Local liberal blogger Jay Bullock inadvertently acknowledges what is behind the level of mock outrage over Annette Ziegler's violation of a provision of Wisconsin's judicial code concerning disclosures and recusals. He's disappointed that she has admitted to violations of the order and settled with the state's Ethics Board:
No Ziegler under oath today. She won't be forced to detail in open court what her thinking was as she repeatedly violated the state's code of judicial ethics. She won't have to make any statements on the record that could be used against her when she runs for re-election in a decade. (emphasis supplied.)
Well, of course there won't be a hearing because there are no facts to be established. She has admitted, as the board charged, that she handled (although there was not much to do) five cases in which her husband sat on the board which state law defines as having a financial interest.

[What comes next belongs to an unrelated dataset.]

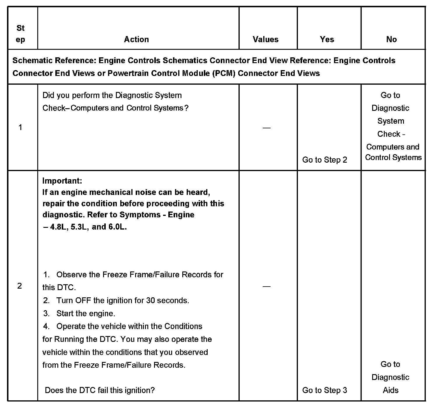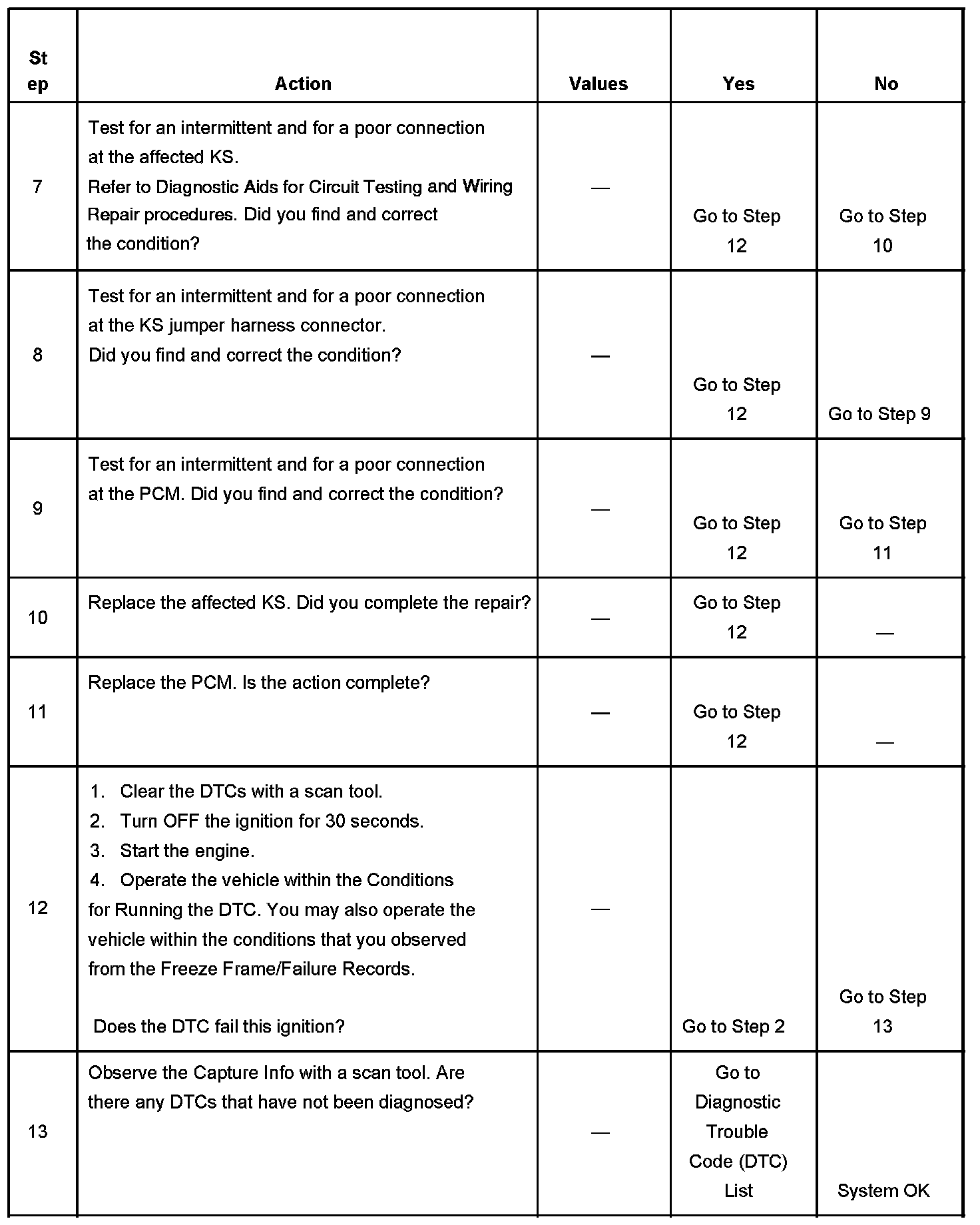 The numbers below refer to the step numbers on the diagnostic table.

The only reason to conduct a hearing would be to torment her about it and, while that may be a relevant part of a political campaign and Jay might enjoy it, it is not the board's function.
As I have blogged before, it has been clear from the outset that 1) Ziegler broke a prophylactic rule by sitting on some cases involving a bank for which her husband is a director; 2) most of the "numerous" cases on which she was said to have done this were actually defaults (the Ethics Board found five that were not) on which she literally did nothing, 3) she did not sit on the remaining five cases for financial gain because none was in the offing and 4) the cases were such that it is clear that her sitting on the case actually prejudiced no one.

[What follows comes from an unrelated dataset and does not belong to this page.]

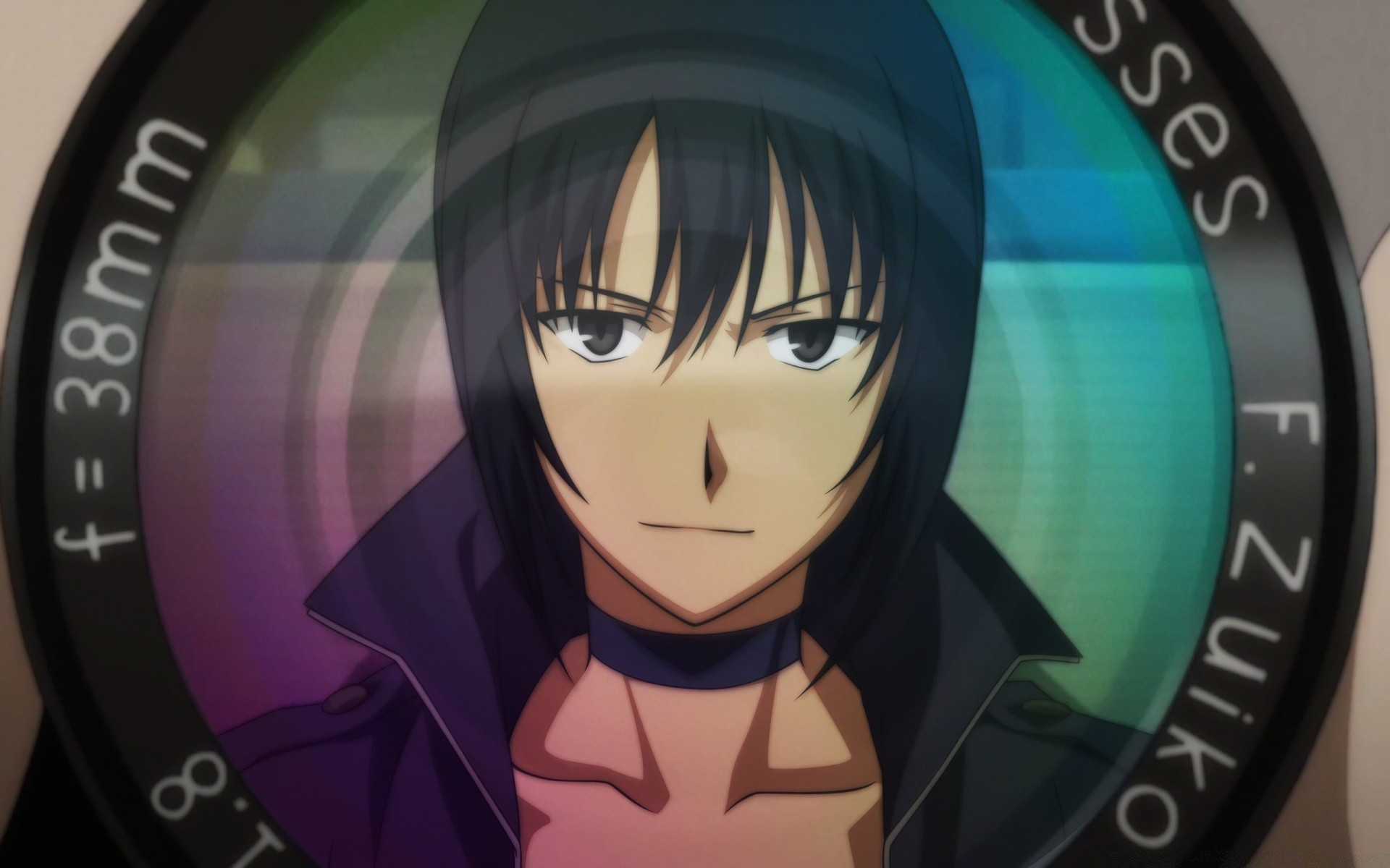 Anime joven. Primer plano de la cara. Flequillo negro y ojos negros

The episode did reflect a certain lack of attention to the niceties of the law. It was a negative fact in the balance that voters had to conduct in deciding whether to support her or Linda Clifford. It was not indicative of moral bankruptcy or corruption. My guess is that whatever the judicial commission does will be, as the Ethics Board's actions were, consistent with this.
(Update: This post was composed in my hotel room in Newark at 5 in the morning CDT. I would like to think that this is why the penultimate paragraph initially had three typos, but it was probably that I was demonstrating a lack of attention to the niceties of proofreading.)